Problem phenomenon
During the server operation and maintenance process, we often encounter this situation, the server disk space usage rate reaches 100%, and business abnormalities occur.
Problem positioning
1. Log in to the server and view it through df -Hl
[root@k8s-master1 ~]# df -Hl File system capacity Used Available Used% Mounting point devtmpfs 8.4G 0 8.4G 0% /dev tmpfs 8.5G 0 8.5G 0% /dev/shm tmpfs 8.5G 774M 7.7G 10% /run tmpfs 8.5G 0 8.5G 0% /sys/fs/cgroup /dev/mapper/centos-root 136G 68G 68G 51% / /dev/sda1 1.1G 238M 827M 23% /boot
2. Find directories or files that take up a large space
Stupid method: In the root directory, use the du -hs command to list the size of space occupied by each directory
[root@k8s-master1 /]# du -hs * 0 bin 194M boot 1012K core.580 0 dev 37M etc 21M home 7.7G kuboard-data 0 lib 0 lib64 0 media 0 mnt 135M opt du: Unable to access"proc/21212/task/21212/fd/3": There is no file or directory du: Unable to access"proc/21212/task/21212/fdinfo/3": There is no file or directory du: Unable to access"proc/21212/fd/3": There is no file or directory du: Unable to access"proc/21212/fdinfo/3": There is no file or directory 0 proc 1.6G root 738M run 0 sbin 0 src 0 srv 0 sys 6.2M tmp 3.2G usr 51G var
A relatively efficient method is to set the directory depth of the query through du's -d parameter, or --max-depth
du -h -d 2|grep [GT] |sort -nr du -h --max-depth=2|grep [GT] |sort -nr #In this way, you can search for large directories that occupy disk space in units of G or T and sort them [root@k8s-master1 /]# du -h -d 1 / 194M /boot 0 /dev du: Unable to access"/proc/24731/task/24731/fd/3": There is no file or directory du: Unable to access"/proc/24731/task/24731/fdinfo/3": There is no file or directory du: Unable to access"/proc/24731/fd/4": There is no file or directory du: Unable to access"/proc/24731/fdinfo/4": There is no file or directory 0 /proc 738M /run 0 /sys 37M /etc 1.6G /root 51G /var 6.2M /tmp 3.2G /usr 21M /home 0 /media 0 /mnt 135M /opt 0 /srv 0 /src 7.7G /kuboard-data 64G /
A highly efficient method, using find for search is more efficient than using du
find / -type f -size +1G -exec du -h {} \; #Find file greater than10GFiles
Encountering problems
After deleting some backup files and log information, the viewing space is still insufficient. I found that the deleted logs were not released.

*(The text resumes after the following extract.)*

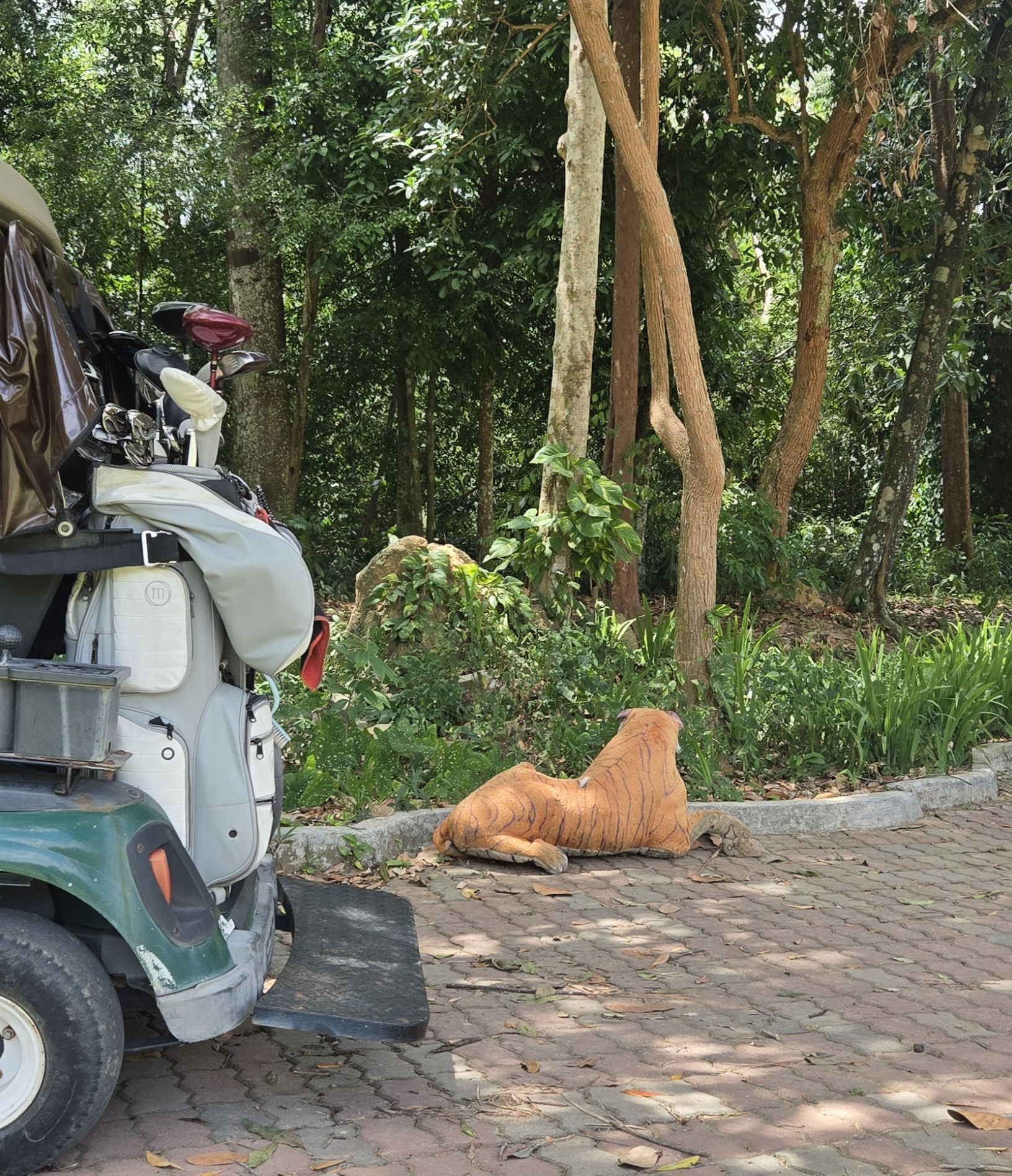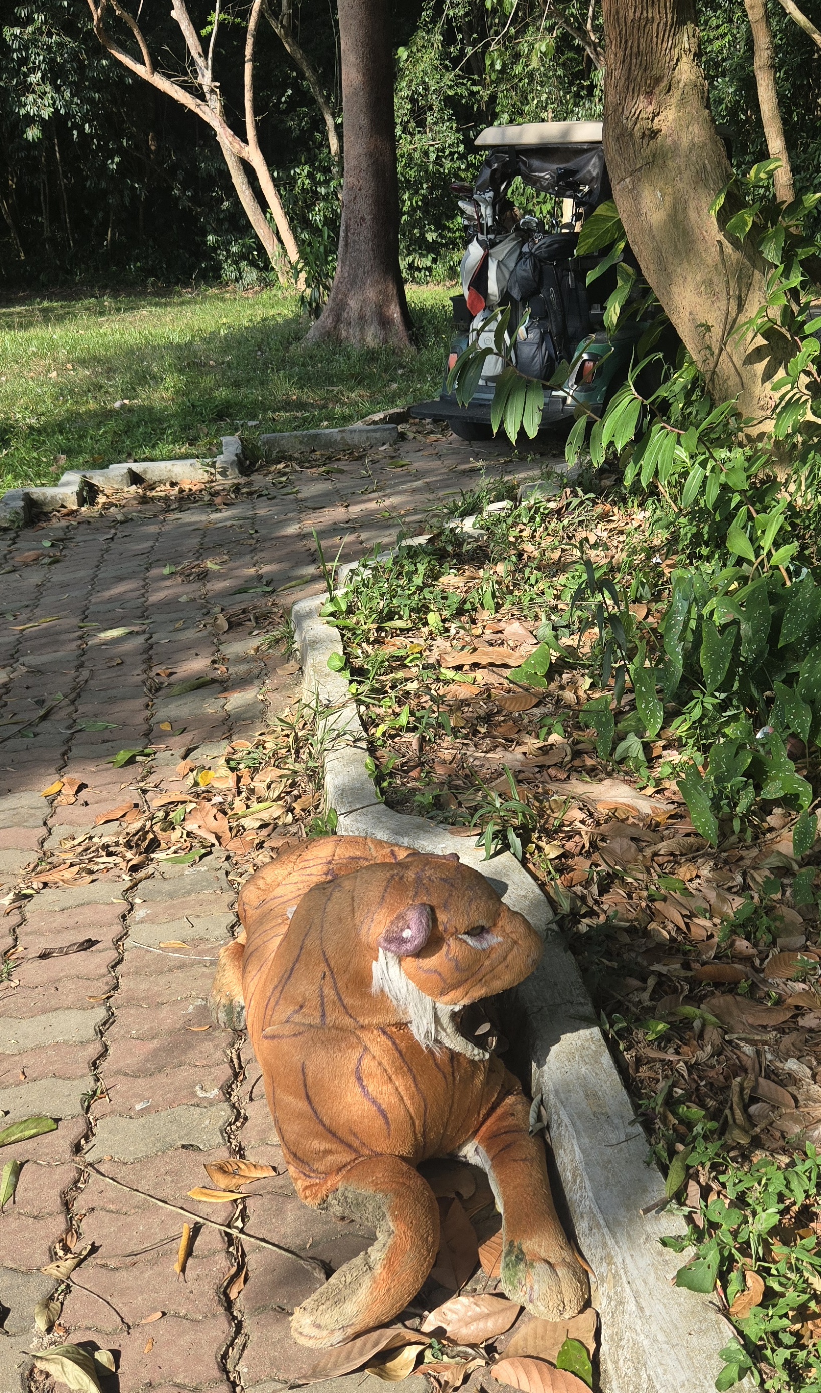 원숭이 출몰지역에 놓여진 호랑이 인형~ㅋㅋㅋ 그옆에 카트 세워봤지만 원숭이들 전혀 아랑곳않고 카트 습격함.
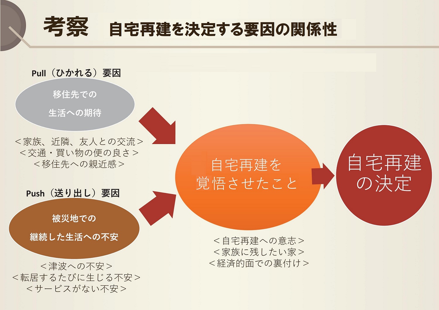 私は研究において、震災により住み慣れた土地を離れた高齢者が新たな地域でソーシャルキャピタルを再構築したプロセスを整理し、生活適応や精神的健康に寄与した要因を明らかにすることで、今後起こり得る災害時の支援にも役立てたいと考えています。

Reasons for not freeing disk space:
In Linux or Unix systems, deleting a file through rm or file manager will unlink it from the file system's folder structure. However, assuming that the file is opened (a process is in use), the process will still be able to read the file and the disk space is always occupied. What I deleted was nginx's access log file, which was being used when deleting.
How to deal with it
[root@local ~]# lsof |grep deleted nginx 4399 root 38w REG 253,0 19304448 10835682 /var/nginx/logs/ (deleted) nginx 4399 root 39w REG 253,0 3502080 10835684 /var/nginx/logs/ (deleted) nginx 4401 nobody 38w REG 253,0 19304448 10835682 /var/nginx/logs/ (deleted) nginx 4401 nobody 39w REG 253,0 3502080 10835684 /var/nginx/logs/ (deleted)
From the output results, you can see that /var/nginx/logs/ and \ are still in use, so the space is not released.
So how to release the process?
- Method 1: Directly kill the corresponding process, or stop the application using this file, so that the operating system can actively recycle disk space.
- Method 2: When cleaning the large log file that is being read and written in the future, use the echo "" > command directly, which means that the file is empty, which does not affect the use of the service. The file size is also controlled and the disk space is also freed.
Summarize
The above is personal experience. I hope you can give you a reference and I hope you can support me more.